#### Goal of the exercise:
The answer is the data below, repeated exactly, with no pictures included.

#### Data for this exercise:
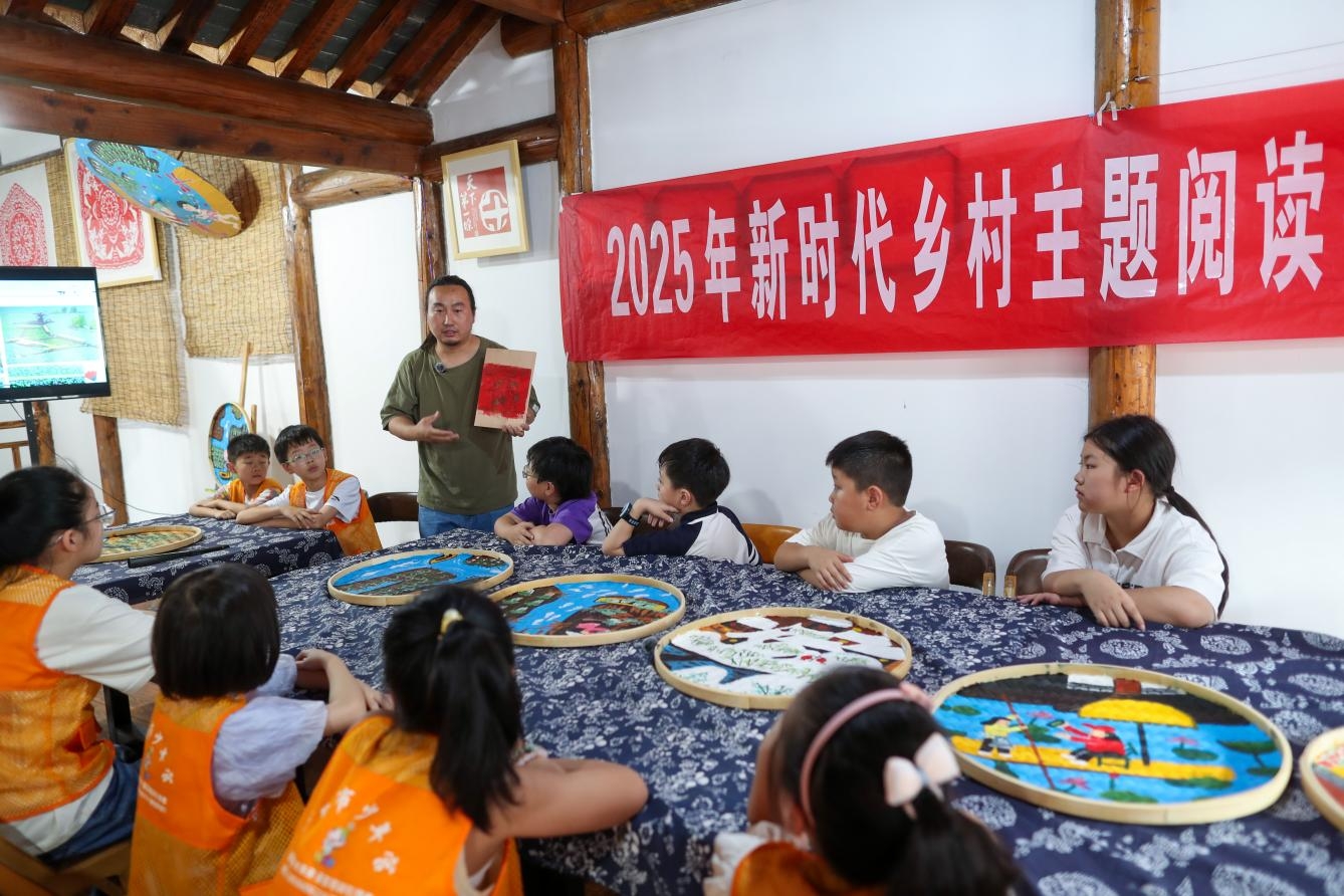 在閱讀推廣人的帶領下,孩子們一起參觀了工作室,非遺興化垛田農民畫代表性傳承人解善彪現場講解農民畫作品,開啟了一場兼具知識性與實踐性的書香之旅。垛田農民畫是由農家自娛創作發展為地方特色民間藝術符號,其“垛田色譜”取自鄉土色彩,魚船等圖案寄托“年年有余”“一帆風順”希望。解善彪重點介紹了代表作《閱讀希望》,該作品以讀書為題材,描繪“垛上人”讀書的場景,展現了農民畫“源于生活、高于生活”的創作理念。
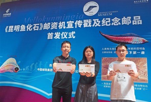 “5·18”國際博物館日當天,《昆明魚化石》郵資機宣傳戳及系列紀念郵品首發儀式在西北大學博物館舉行。此次發行的《昆明魚化石》郵資機宣傳戳及明信片、信封一套,郵資機宣傳戳以昆明魚化石及昆明魚復原圖為主圖,明信片以寒武紀早期生態復原圖為畫面進行設計,信封用手繪圖的方式展示昆明魚與“西大動物”的形象區別,并展現生物從魚到人的進化過程。
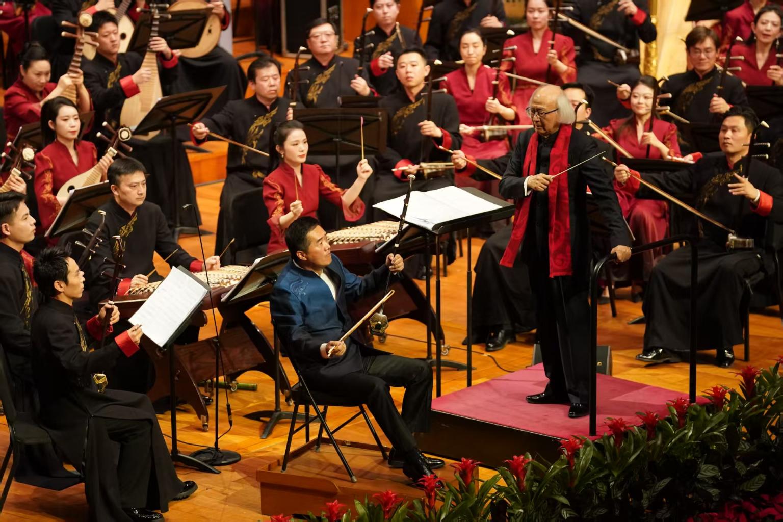 一场音乐会中,同时呈现吹、拉、弹、打四种乐器门类高难度协奏曲的曲目设置并不多见。而在这场音乐会中,中央民族乐团团长、荣誉首席唐峰,携手笛箫演奏家戴亚、打击乐演奏家王建华、古筝演奏家王中山,为观众呈现了民乐四大领域的高超水准,尽显中国民族器乐在演奏技巧方面的特色。“元宵节在中国人心中分量很重,我们特意选择了既有佳节氛围,又具技巧分量的作品。”演出开始前,唐峰介绍,希望这场音乐会让观众感受到传统文化的厚度与温度。
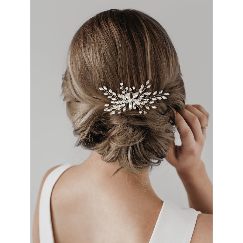 - Bridal hair comb approx size:4.52*2.56 inch,adjustable size for women and girls.you can bend the hairpiece to your desired look. Easy to wear and stay stable.
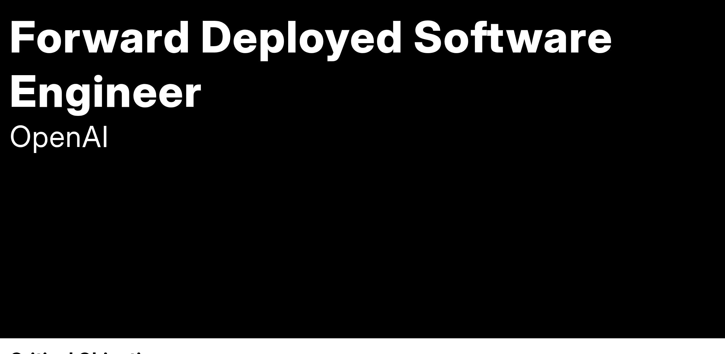 We are looking for customer-focused software engineers to build effective custom software that leverages OpenAI’s APIs to solve real customer problems. As an FDSWE, you will work with our customers and OpenAI Forward Deployed Engineers to design and implement scalable solutions that solve their most difficult problems. You will design abstractions to solve customer problems, and then use them to scale our speed and quality of delivery across all Forward Deployed engagements.
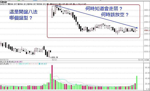 獨大 : 開盤八法其實就是看波形波向,我是覺得不用死背,會看走勢圖就自然可以判斷後勢怎走 (延伸閱讀 20130113 看盤日記 早盤放空),再加個修正機制就好。

#### Task result:
 在閱讀推廣人的帶領下,孩子們一起參觀了工作室,非遺興化垛田農民畫代表性傳承人解善彪現場講解農民畫作品,開啟了一場兼具知識性與實踐性的書香之旅。垛田農民畫是由農家自娛創作發展為地方特色民間藝術符號,其“垛田色譜”取自鄉土色彩,魚船等圖案寄托“年年有余”“一帆風順”希望。解善彪重點介紹了代表作《閱讀希望》,該作品以讀書為題材,描繪“垛上人”讀書的場景,展現了農民畫“源于生活、高于生活”的創作理念。
 “5·18”國際博物館日當天,《昆明魚化石》郵資機宣傳戳及系列紀念郵品首發儀式在西北大學博物館舉行。此次發行的《昆明魚化石》郵資機宣傳戳及明信片、信封一套,郵資機宣傳戳以昆明魚化石及昆明魚復原圖為主圖,明信片以寒武紀早期生態復原圖為畫面進行設計,信封用手繪圖的方式展示昆明魚與“西大動物”的形象區別,并展現生物從魚到人的進化過程。
 一场音乐会中,同时呈现吹、拉、弹、打四种乐器门类高难度协奏曲的曲目设置并不多见。而在这场音乐会中,中央民族乐团团长、荣誉首席唐峰,携手笛箫演奏家戴亚、打击乐演奏家王建华、古筝演奏家王中山,为观众呈现了民乐四大领域的高超水准,尽显中国民族器乐在演奏技巧方面的特色。“元宵节在中国人心中分量很重,我们特意选择了既有佳节氛围,又具技巧分量的作品。”演出开始前,唐峰介绍,希望这场音乐会让观众感受到传统文化的厚度与温度。
 - Bridal hair comb approx size:4.52*2.56 inch,adjustable size for women and girls.you can bend the hairpiece to your desired look. Easy to wear and stay stable.
 We are looking for customer-focused software engineers to build effective custom software that leverages OpenAI’s APIs to solve real customer problems. As an FDSWE, you will work with our customers and OpenAI Forward Deployed Engineers to design and implement scalable solutions that solve their most difficult problems. You will design abstractions to solve customer problems, and then use them to scale our speed and quality of delivery across all Forward Deployed engagements.
 獨大 : 開盤八法其實就是看波形波向,我是覺得不用死背,會看走勢圖就自然可以判斷後勢怎走 (延伸閱讀 20130113 看盤日記 早盤放空),再加個修正機制就好。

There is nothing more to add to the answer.